Electrochemistry 2 Question 3
3. Consider the statements $S_{1}$ and $S_{2}$ :
$\mathbf{S}_{1}$ : Conductivity always increases with decrease in the concentration of electrolyte.
$\mathbf{S}_{\mathbf{2}}$ : Molar conductivity always increases with decrease in the concentration of electrolyte.
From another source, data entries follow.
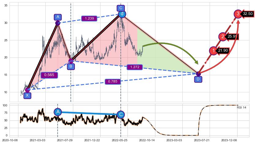 ➢ 谐波价格A点比C点低 ⤵,【RSI】指标A点比C点高 ⤴️
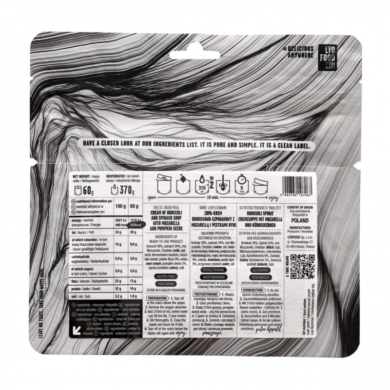 Myśląc o liofilizowanej żywności z reguły mamy przed oczami owoce lub potrawy oparte na ryżu i mięsie. Nowa kolekcja LyoFood pozwoli nam cieszyć się smakiem bogatych i rozgrzewających zup, które z pewnością docenimy w roli lekkiego, aczkolwiek pożywnego lunchu w terenie. Skorzystaj z unikalnych kompozycji kremowych liofilizatów LyoFood i zapewnij sobie prawdziwą przyjemność z jedzenia na łonie natury. Wersja bazująca na kremie brokułowo-szpinakowym wzbogaconym smakiem mozzarelli oraz pestek dyni.
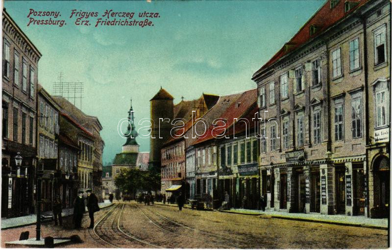 Pozsony, Pressburg, Bratislava; Frigyes herceg utca, üzletek / street,...
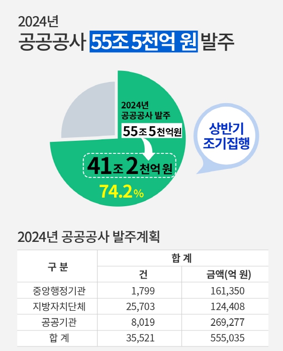 전체 55조 5,035억 원 가운데 74%가 넘는 41조 1,837억 원의 사업이 상반기에 조기 발주될 전망이다.

The correct option among the following is
(2019 Main, 10 April I)
(a) $S_{1}$ is correct and $S_{2}$ is wrong
(b) $\mathrm{S}{1}$ is wrong and $\mathrm{S}{2}$ is correct
(c) Both $\mathrm{S}{1}$ and $\mathrm{S}{2}$ are wrong
(d) Both $\mathrm{S}{1}$ and $\mathrm{S}{2}$ are correct
Show Answer
Solution:
- The explanation of statements $\left(\mathrm{S}{1}\right.$ and $\left.\mathrm{S}{2}\right)$ are as follows :
In conductivity cell, conductivity $(\kappa)$ is equal to the sum of ionic conductances (c), of an electrolytic solution present is unit volume of the solution enclosed by two electrodes of unit area $(a \neq 1)$ separated by a unit length $(l=1)$.
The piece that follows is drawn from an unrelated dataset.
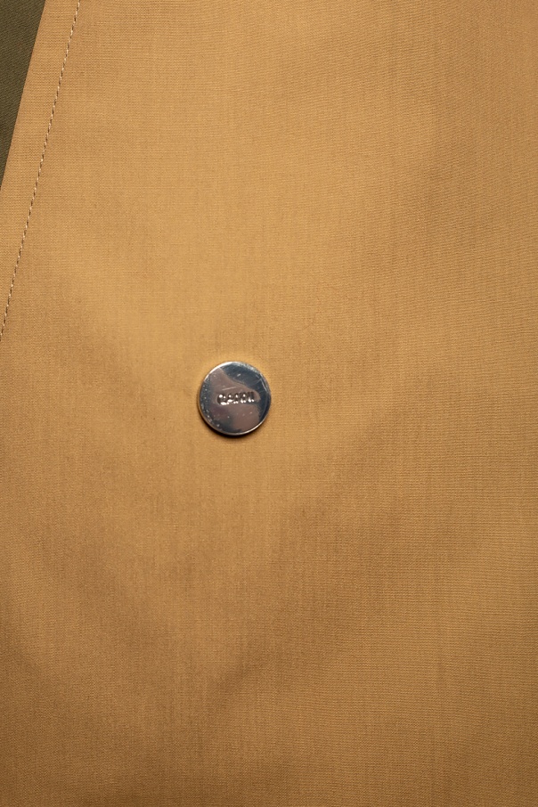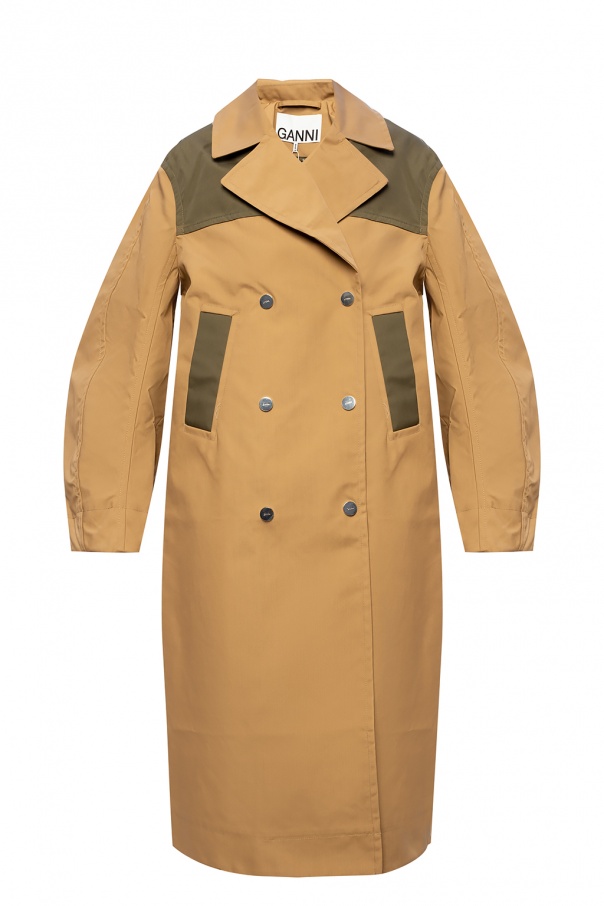 Beige and green coat from Ganni. Cut from cotton blend, this double-breasted design fastens via silver-tone snap buttons engraved with the label's logo and employs long sleeves and a single back vent.

$$ \kappa=c \times \frac{l}{a} \Rightarrow \kappa=c \text { when } l=1, a=1 $$
So, with decrease in the concentration of electrolyte, number of ions in the given unit volume also decreases, i.e. $\kappa$ [conductivity] also decreases.
Thus, statement $S_{1}$ is wrong. $S_{2}$ : Molar conductivity $\left(\lambda_{m}\right)$ is defined as the conducting power of all the ions present in a solution containing 1 mole of an electrolyte.
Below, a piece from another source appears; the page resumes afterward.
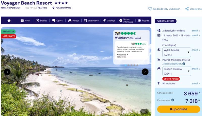 Odpoczynek odbywa się w czterogwiazdkowym hotelu Voyager Beach Resort, położonym bezpośrednio przy piaszczystej plaży Nyali. Obiekt zachwyca rozległym ogrodem i trzema basenami, z których jeden dedykowany jest osobom szukającym ciszy i relaksu z widokiem na ocean. Goście podkreślają w swoich opiniach niezwykłą serdeczność obsługi oraz bogaty program animacyjny, w tym wieczory z muzyką na żywo i tańcami Hakuna Matata. Cały pobyt realizowany jest w formule all inclusive, co pozwala bez ograniczeń delektować się zróżnicowaną kuchnią i świeżymi kokosami.

$$ \lambda_{m}=\kappa \times V_{\mathrm{mL}}=\kappa \times \frac{1000}{M} $$
where, $V_{\mathrm{mL}}=$ volume in $\mathrm{mL}$ containing 1 mole of electrolyte $m=$ molar concentration $(\mathrm{mol} / \mathrm{L})$ So, in a conductivity cell
$$ \lambda_{m} \propto \frac{1}{M} $$
i.e. molar conductivity increases with decrease in the concentration $(M)$ of electrolyte.
Thus, statement $\mathrm{S}_{2}$ is correct.